• **What to work on**: Without the images, output each record below as it stands.

• **Exercise input**:
○ ○ ○ ○ ○ ○ ○

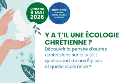 Le service pour l’unité des chrétiens vous invite à une journée œcuménique ouverte à tous sur le thème de l’écologie chrétienne vendredi 8 mai de 9h30 à 16h00 à sainte Pauline au Vésinet.
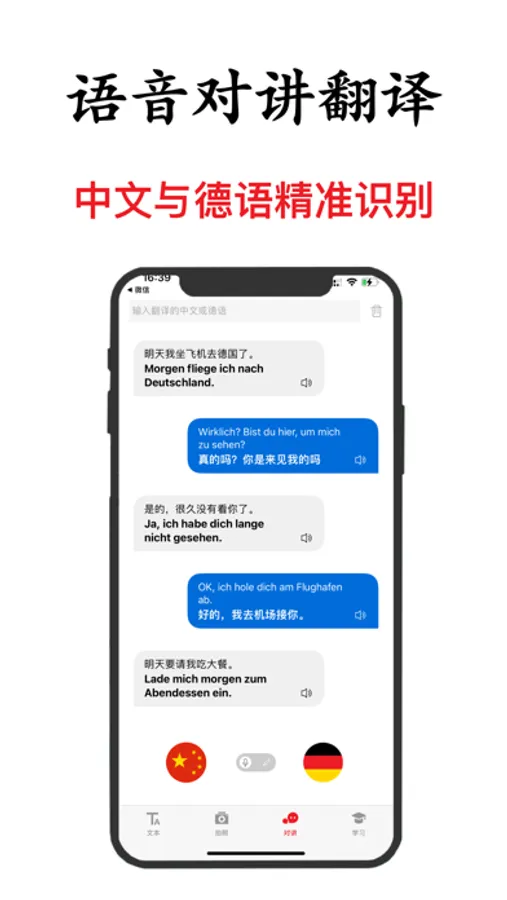 特别受去德国旅游的用户喜欢,能准确把语音转化为文本内容,并快速翻译成中文或德文。
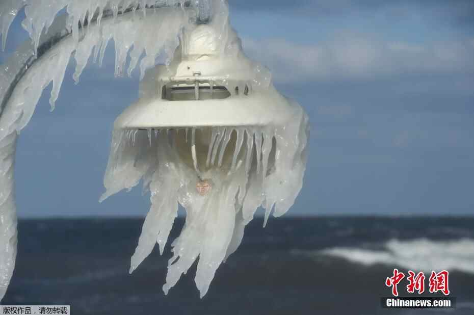 近日,欧洲多地迎来降雪降温天气。图为当地时间3月17日,德国波罗的海沿海地区的灯被冰覆盖。
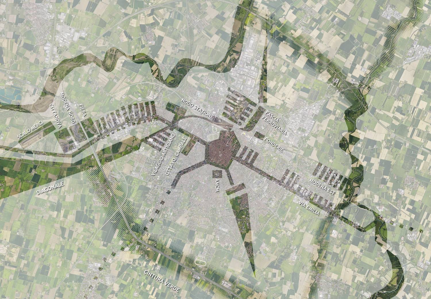 Gli assi di lavoro principali delineati dall’assessora all’Urbanistica Anna Maria Vandelli introducendo il percorso del Psc riguardano il fuori città (la riconquista del paesaggio agrario e rurale, la cintura verde, gli ambiti fluviali); il sistema ovest/est che ha nella Diagonale e nella via Emilia gli assi portanti (qui si appoggiano i progetti più rilevanti: scalo merci, Cittanova, Modena Nord, Ottavo campale) e rafforza il ruolo baricentrico del centro storico; il sistema nord/sud che prosegue ed implementa le azioni di riqualificazione della fascia ferroviaria (nodo stazione) e verso sud (ex Amcm).
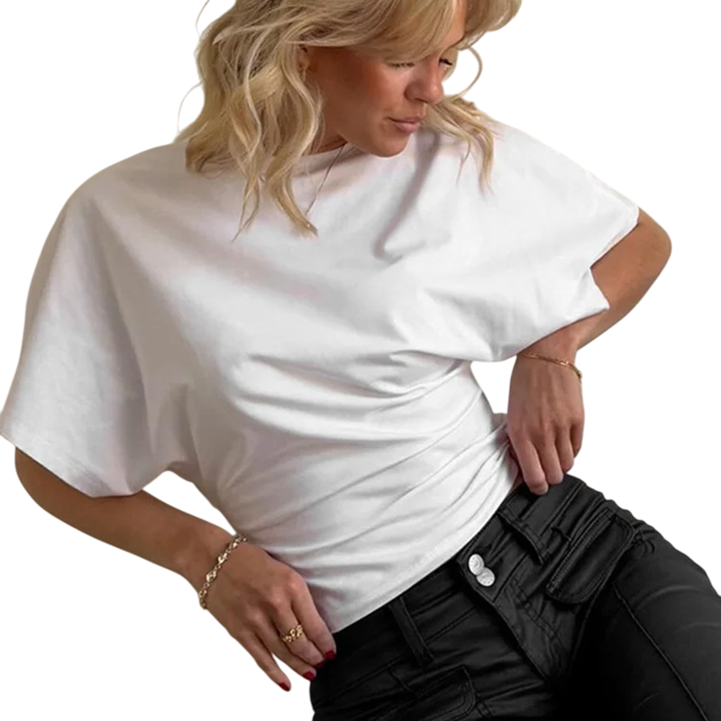 Camiseta estilosa com corte mais solto, manga curta e comprimento até à cintura. Combina perfeitamente com jeans e saias, garantindo conforto durante todo o dia. Descrição completa
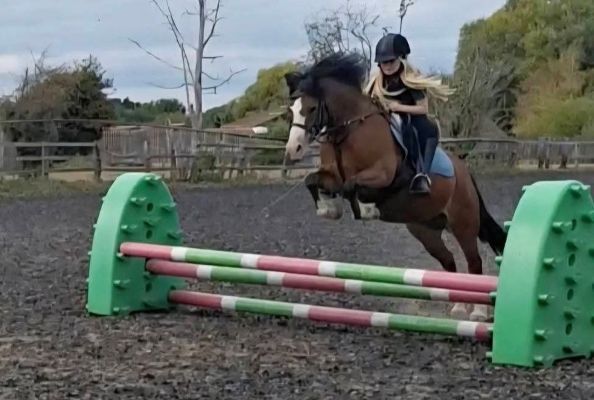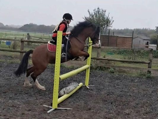 Shes good to hack on her own or with company, is happy to go first or last and isnt phased by any traffic. Shes good to travel on her own and in company and has been to the beach, shows, on fun rides, etc and has always been perfect. Chloe has been ridden by my novice daughter since she was 3 but has also been schooled well by an adult so she is riding away nicely. She has 3 balanced paces and loves to jump! Shes never strong or silly but can be a typical cheeky Welsh at times, but never dangerous. My daughter has always been fine riding her.
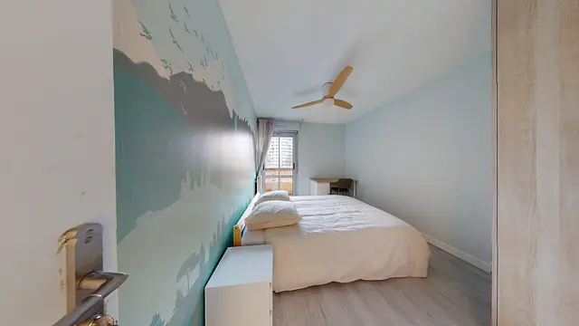 🛏️ La chambre 3 est meublée d’un lit double, d’un bureau avec chaise, d’un placard de rangement, d’une table de chevet et dispose en plus d’un balcon privatif, offrant un espace personnel agréable et lumineux.
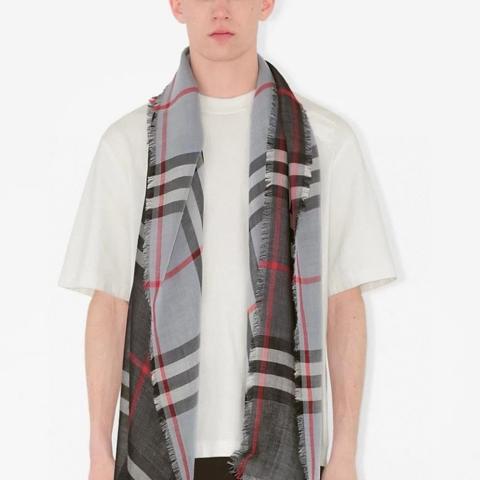王牌口碑burberry深度水波纹经典羊绒格子围巾‼专柜最新
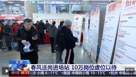 近日,北京市人力资源和社会保障局联合市重点站区管委会启动“春风送岗”公共就业服务活动,同步进驻北京西站等八大火车站以及首都、大兴两大机场,携10万个岗位直接对接进京求职者。
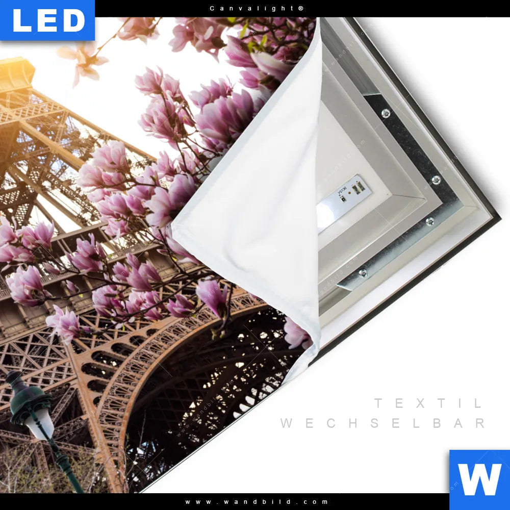 Canvalight® TEX Leuchtbild | Mangnolien in Paris | Quadrat
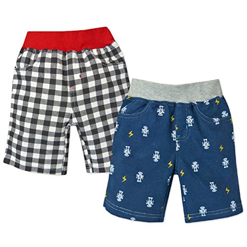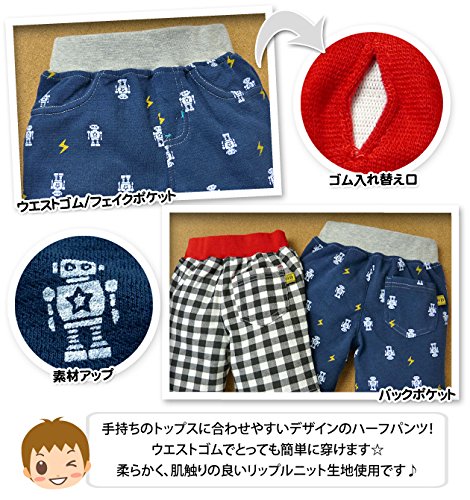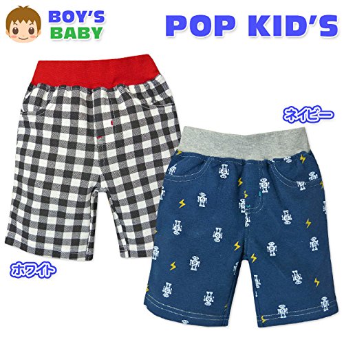 ベビー服 男の子 ハーフ パンツ ボトム リップルニット ブロックチェック柄 ロボット柄 フェイクポケット 男児 ベビー (1.ホワイト/80cm)
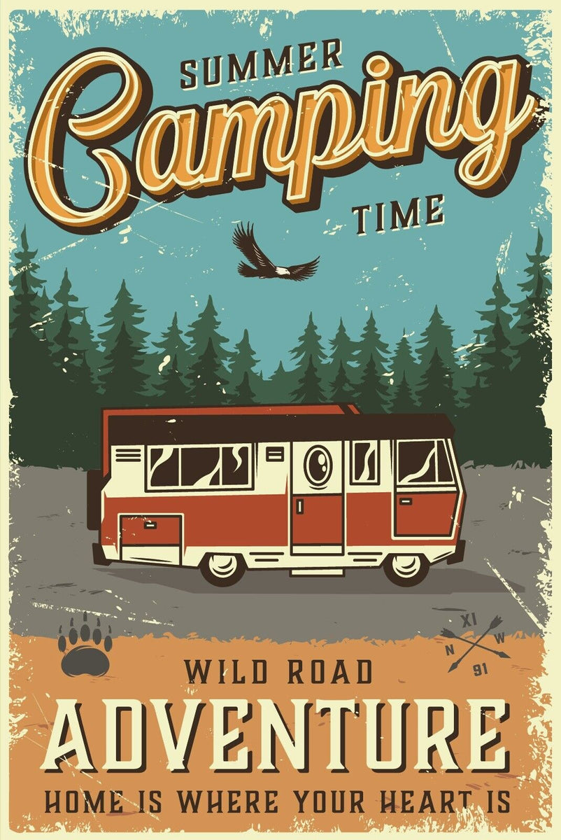 Nostalgie Schild Summer Camping Wohnmobil 12x18 / 20x30 / 30x40 Blech od. Holz Im Angebot
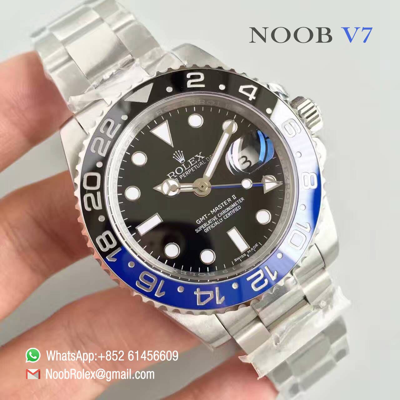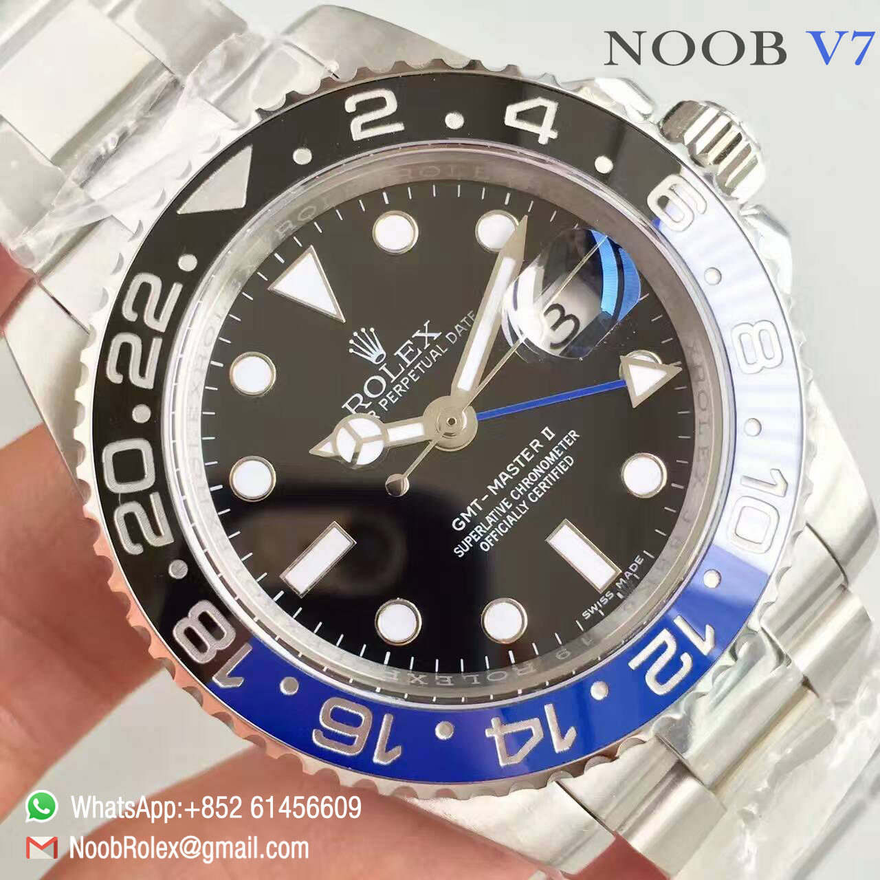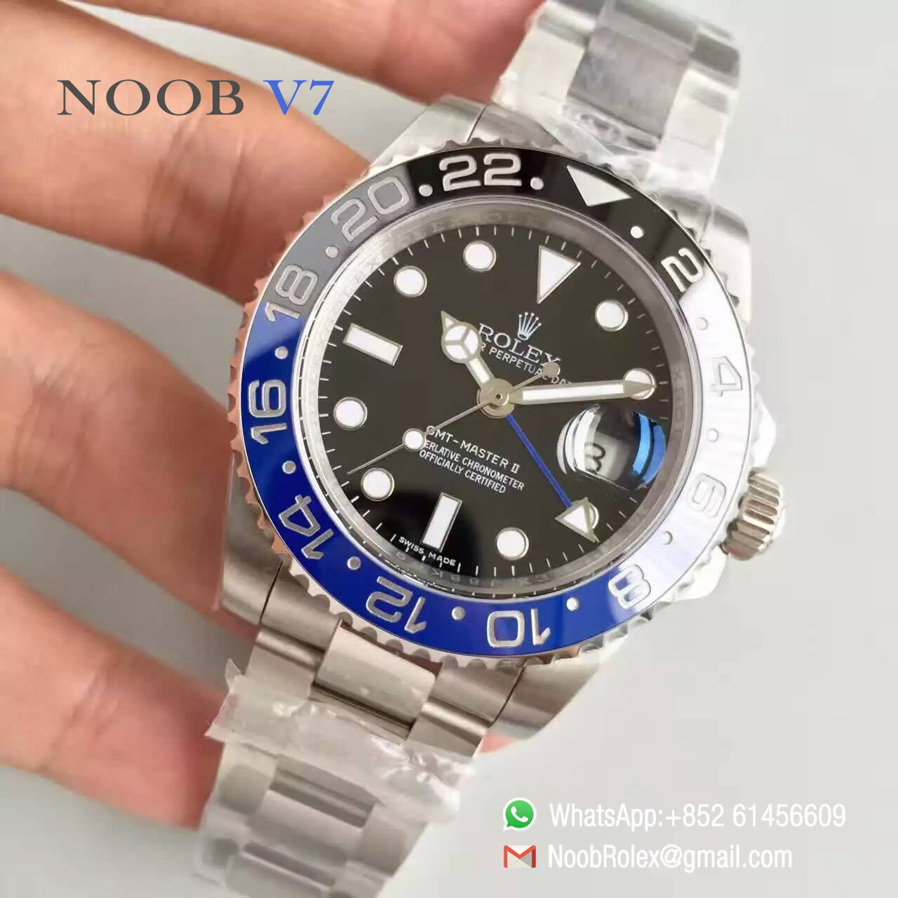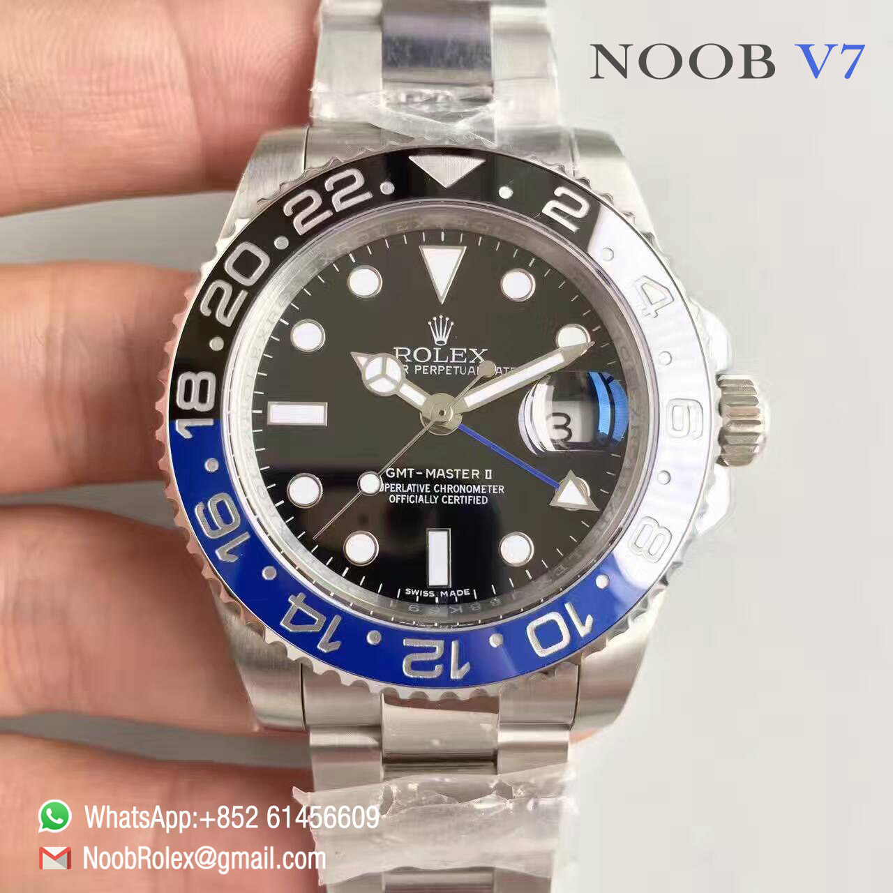 Order Now Oyster Perpetual GMT-Master II Watch: 116710BLNR, Blue and black Ceramic Bezel, Black Dial, 1:1 Noob Best Edition V7, Super Asian Clone 3186 Movement, Free Shipping DHL or EMS.

○ ○ ○ ○ ○ ○ ○

• **Answer for the task**:
 Le service pour l’unité des chrétiens vous invite à une journée œcuménique ouverte à tous sur le thème de l’écologie chrétienne vendredi 8 mai de 9h30 à 16h00 à sainte Pauline au Vésinet.
 特别受去德国旅游的用户喜欢,能准确把语音转化为文本内容,并快速翻译成中文或德文。
 近日,欧洲多地迎来降雪降温天气。图为当地时间3月17日,德国波罗的海沿海地区的灯被冰覆盖。
 Gli assi di lavoro principali delineati dall’assessora all’Urbanistica Anna Maria Vandelli introducendo il percorso del Psc riguardano il fuori città (la riconquista del paesaggio agrario e rurale, la cintura verde, gli ambiti fluviali); il sistema ovest/est che ha nella Diagonale e nella via Emilia gli assi portanti (qui si appoggiano i progetti più rilevanti: scalo merci, Cittanova, Modena Nord, Ottavo campale) e rafforza il ruolo baricentrico del centro storico; il sistema nord/sud che prosegue ed implementa le azioni di riqualificazione della fascia ferroviaria (nodo stazione) e verso sud (ex Amcm).
 Camiseta estilosa com corte mais solto, manga curta e comprimento até à cintura. Combina perfeitamente com jeans e saias, garantindo conforto durante todo o dia. Descrição completa
 Shes good to hack on her own or with company, is happy to go first or last and isnt phased by any traffic. Shes good to travel on her own and in company and has been to the beach, shows, on fun rides, etc and has always been perfect. Chloe has been ridden by my novice daughter since she was 3 but has also been schooled well by an adult so she is riding away nicely. She has 3 balanced paces and loves to jump! Shes never strong or silly but can be a typical cheeky Welsh at times, but never dangerous. My daughter has always been fine riding her.
 🛏️ La chambre 3 est meublée d’un lit double, d’un bureau avec chaise, d’un placard de rangement, d’une table de chevet et dispose en plus d’un balcon privatif, offrant un espace personnel agréable et lumineux.
王牌口碑burberry深度水波纹经典羊绒格子围巾‼专柜最新
 近日,北京市人力资源和社会保障局联合市重点站区管委会启动“春风送岗”公共就业服务活动,同步进驻北京西站等八大火车站以及首都、大兴两大机场,携10万个岗位直接对接进京求职者。
 Canvalight® TEX Leuchtbild | Mangnolien in Paris | Quadrat
 ベビー服 男の子 ハーフ パンツ ボトム リップルニット ブロックチェック柄 ロボット柄 フェイクポケット 男児 ベビー (1.ホワイト/80cm)
 Nostalgie Schild Summer Camping Wohnmobil 12x18 / 20x30 / 30x40 Blech od. Holz Im Angebot
 Order Now Oyster Perpetual GMT-Master II Watch: 116710BLNR, Blue and black Ceramic Bezel, Black Dial, 1:1 Noob Best Edition V7, Super Asian Clone 3186 Movement, Free Shipping DHL or EMS.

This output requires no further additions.